**Supplied data:**

========

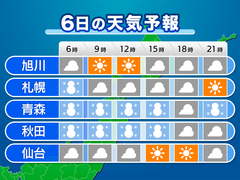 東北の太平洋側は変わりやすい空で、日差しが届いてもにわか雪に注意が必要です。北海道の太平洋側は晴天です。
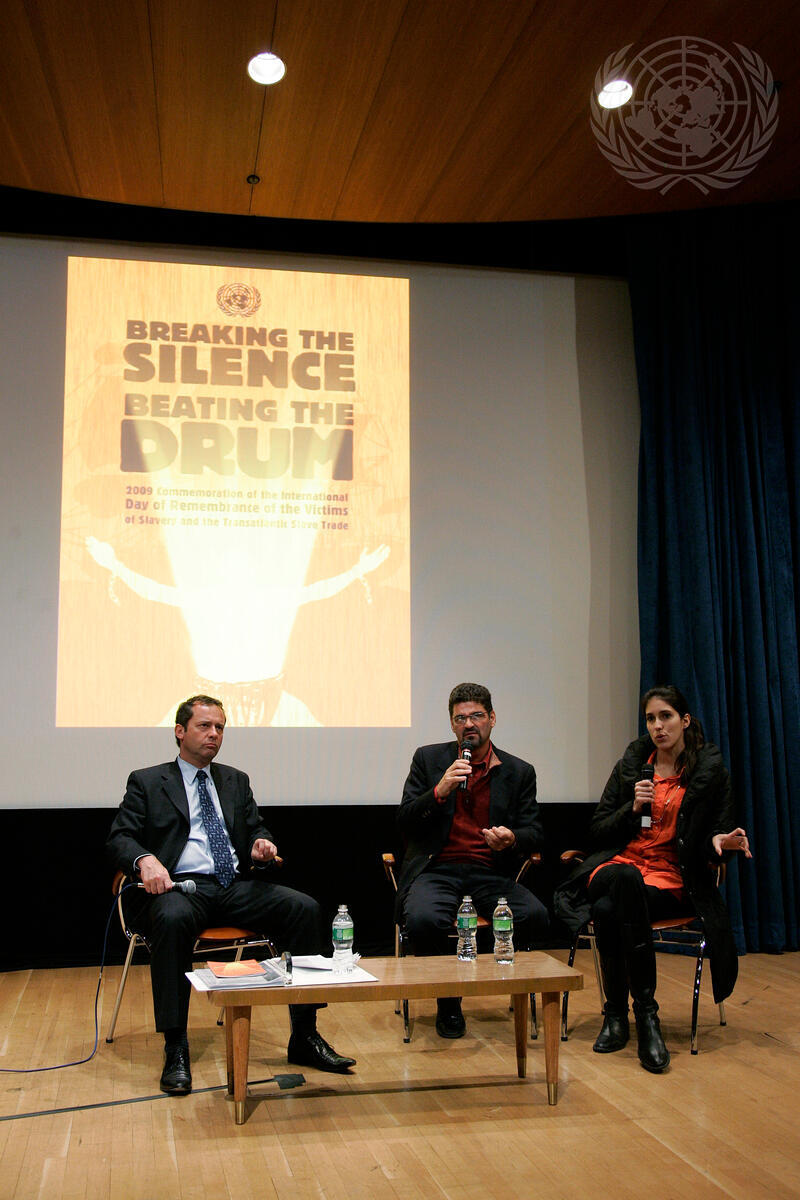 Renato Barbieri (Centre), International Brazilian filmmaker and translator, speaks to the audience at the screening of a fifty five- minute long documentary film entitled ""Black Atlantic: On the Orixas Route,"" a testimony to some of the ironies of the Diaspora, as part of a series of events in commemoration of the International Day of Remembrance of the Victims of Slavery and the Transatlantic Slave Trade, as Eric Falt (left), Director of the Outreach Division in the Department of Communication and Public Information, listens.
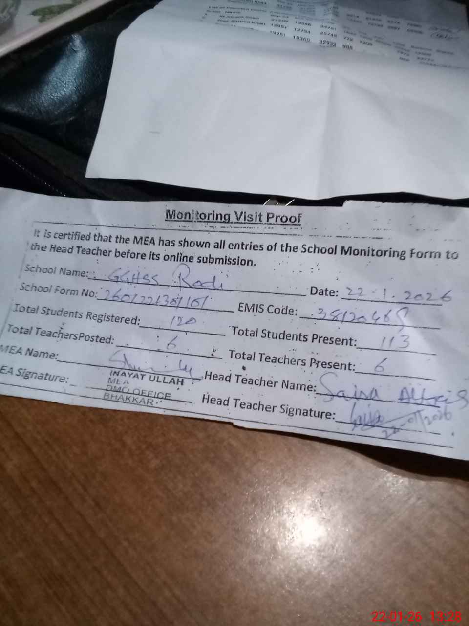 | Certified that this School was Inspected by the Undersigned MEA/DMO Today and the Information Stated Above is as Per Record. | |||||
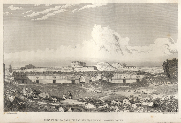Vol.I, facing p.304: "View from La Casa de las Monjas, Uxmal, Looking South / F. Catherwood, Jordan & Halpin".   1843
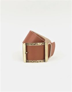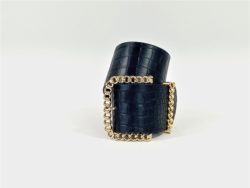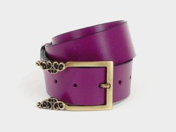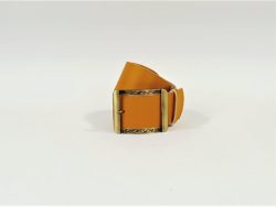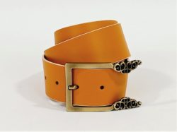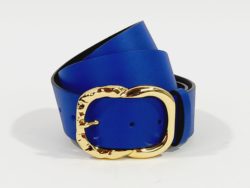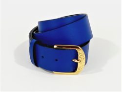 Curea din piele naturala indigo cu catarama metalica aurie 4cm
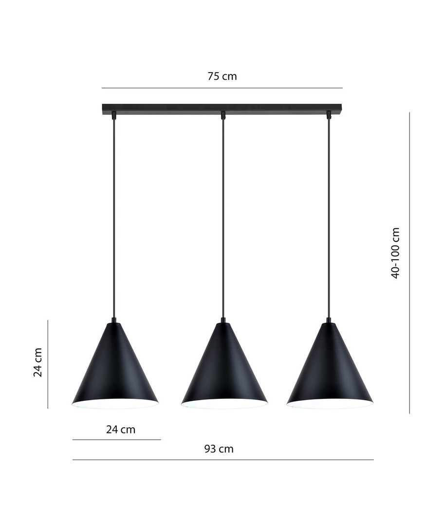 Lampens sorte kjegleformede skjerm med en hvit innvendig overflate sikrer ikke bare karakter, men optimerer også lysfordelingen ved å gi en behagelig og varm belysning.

========

**What to work on:** Repeat, with no pictures, each line from the beginning of the data through the line containing "Renato Barbieri (Centre), International", inclusive.

**Answer space:**
 東北の太平洋側は変わりやすい空で、日差しが届いてもにわか雪に注意が必要です。北海道の太平洋側は晴天です。
 Renato Barbieri (Centre), International Brazilian filmmaker and translator, speaks to the audience at the screening of a fifty five- minute long documentary film entitled ""Black Atlantic: On the Orixas Route,"" a testimony to some of the ironies of the Diaspora, as part of a series of events in commemoration of the International Day of Remembrance of the Victims of Slavery and the Transatlantic Slave Trade, as Eric Falt (left), Director of the Outreach Division in the Department of Communication and Public Information, listens.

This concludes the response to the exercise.